Fleet policy

Transactionally, sole supply is straightforward to administer and manage but almost always is not financially advantageous.

That’s the view of Ross Jackson, managing director of fleet management consultancy Fleet Operations, who says that the efficient management of a range of suppliers is the secret to cutting costs and not reliance on sole supply arrangements.

But with procurement departments increasingly involved in fleet purchasing decisions, it is often the company delivering the lowest price that comes with sole supply that will win the deal rather than the organisation offering the best value.

He explains: “A vehicle manufacturer may increase list prices by 4% and a contract hire company may pass that on entirely in a monthly rate increase. However, residual value movement and other factors may indicate that the real rate increase should only be 2.5%. As a result, fleet decision-makers who are less switched on will lose out with the supplier making additional profit.”
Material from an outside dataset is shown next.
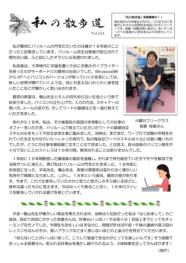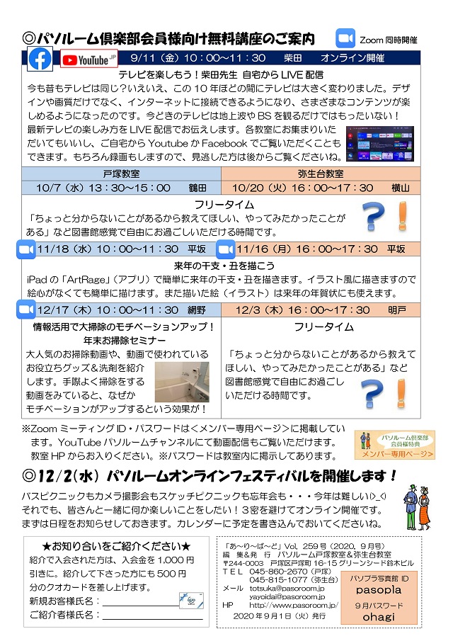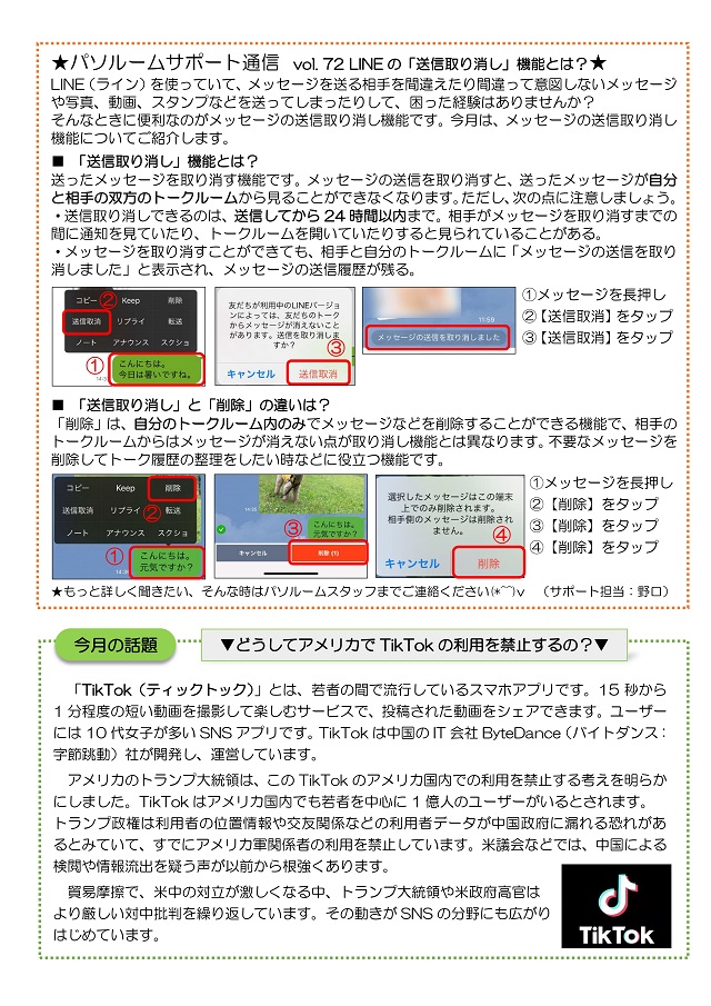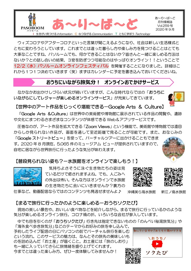 HOME > あ~り~ば~ど > あ~り~ば~ど 2020年9月号 Vol.259 あ~り~ば~ど 2020年9月号 Vol.259 今月の内容 おうちにいながら旅気分! オンラインおでかけサービス 私の散歩道 Vol.151 弥生台教室 我妻 尚美さん ★パソルームサポート通信 vol.72 LINEの「送信取り消し」機能とは?★ 今月の話題 ▼どうしてアメリカでTikTokの利用を禁止するの?▼ パソルーム倶楽部会員様向け無料講座のご案内 12/2(水) パソルームオンラインフェスティバルを開催します!

Pointing out that good account management is the key to managing fleet policy costs, Jackson says: “Fleets that opt for dual or multi-supply in terms of vehicles and other services limit the ability for suppliers to profiteer. As soon as one supplier becomes uncompetitive they will start to lose business.
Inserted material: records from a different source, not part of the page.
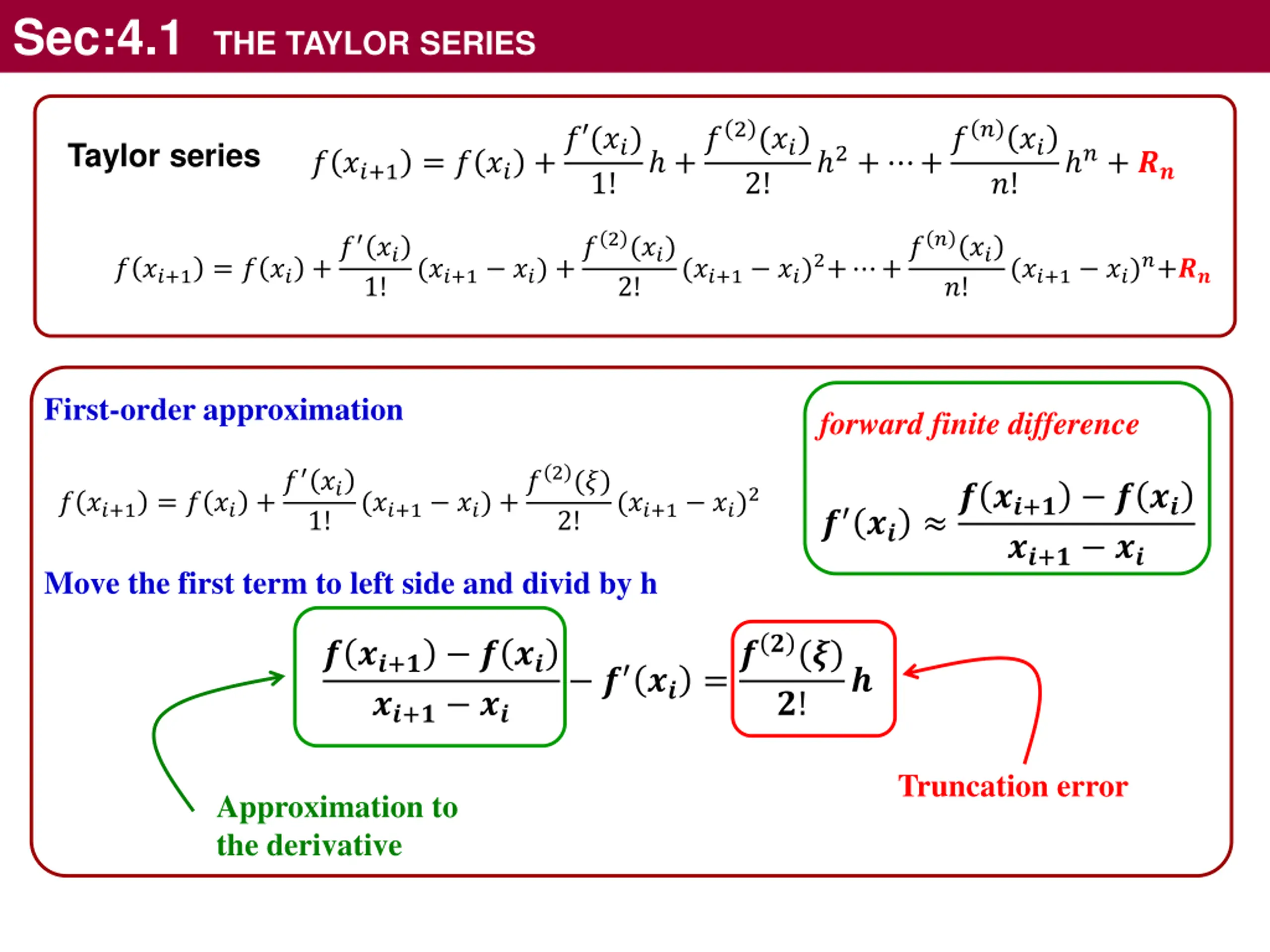 Sec:4.1 THE TAYLOR SERIES +?2(??) 2+ +???? ? ??+1 = ? ?? +? (??) Taylor series ?+ ?? 1! 2! ?! ? ??+1 = ? ?? +? ?? (??+1 ??) +?2(??) (??+1 ??)2+ +???? (??+1 ??)?+?? 1! 2! ?! First-order approximation forward finite difference ? ??+1 = ? ?? +? ?? (??+1 ??) +?2(?) ? ?? ? ??+? ? ?? (??+1 ??)2 1! 2! ??+? ?? Move the first term to left side and divid by h ? ?? =??(?) ? ??+? ? ?? ??+? ?? ? ?! Truncation error Approximation to the derivative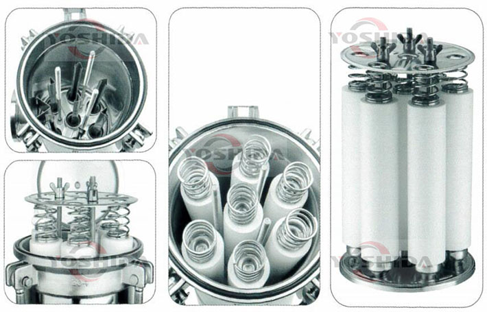 滤芯式过滤器根据实际流量不同内部有不同的n支滤芯,物料通过进口管道流入,从滤芯的外侧流向内侧,最后从出口流出,固体杂质在通过时被滤芯收集。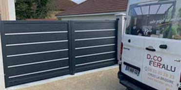 Nous vous proposons la fourniture et la pose de portails en aluminium. De fabrication française, les portails HORIZAL se déclinent en une large gamme s’adaptant au style de votre jardin et de votre maison. Plein ou ajouré, personnalisez votre portail. Choisissez également la couleur de la peinture de finition ainsi que sa dimension. Votre portail peut être à ouverture manuelle ou motorisée pour entrer et sortir de votre maison plus facilement.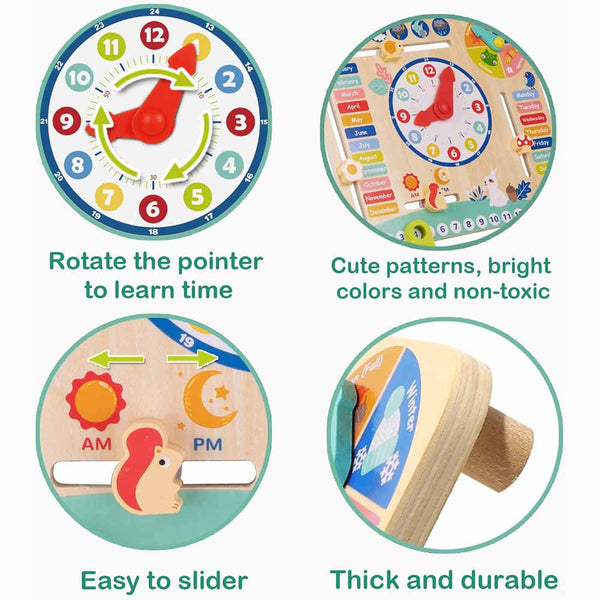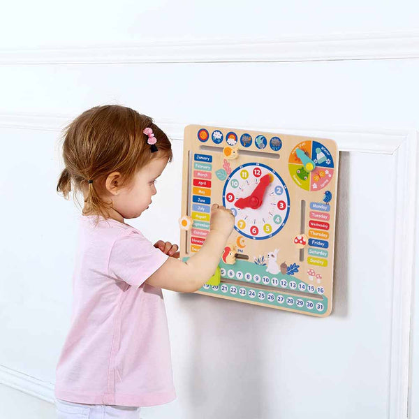 This fun and interactive calendar toy helps children learn the days of the week, the months of the year, seasons, weather and more.

“On average we have identified and delivered cost savings of around 10% by questioning the logic of relying on a sole supplier. No matter how tight a contract is worded, fleets that have sole supply arrangements are at the mercy of those providers.”

With regards to vehicle replacement strategy, four-year policies are increasingly becoming the norm, according to Jackson, with 100,000 miles remaining a not-to-be-crossed benchmark figure.
Recently, fleets have typically moved from a three to a four-year cycle and by switching have been able to achieve a saving in operating costs of 8-10% while also ensuring employees are able to continue to have the same choice of cars despite manufacturer price rises.

But, says Jackson: “What happens in three or four years’ time I don’t know. But currently it is a way of underpinning costs and keeping the cost base in the same place.”

He is also detecting a movement by fleets back towards a more restrictive wholelife cost-based vehicle choice list that often may extend to one volume and one prestige manufacturer as businesses seek to leverage discounts.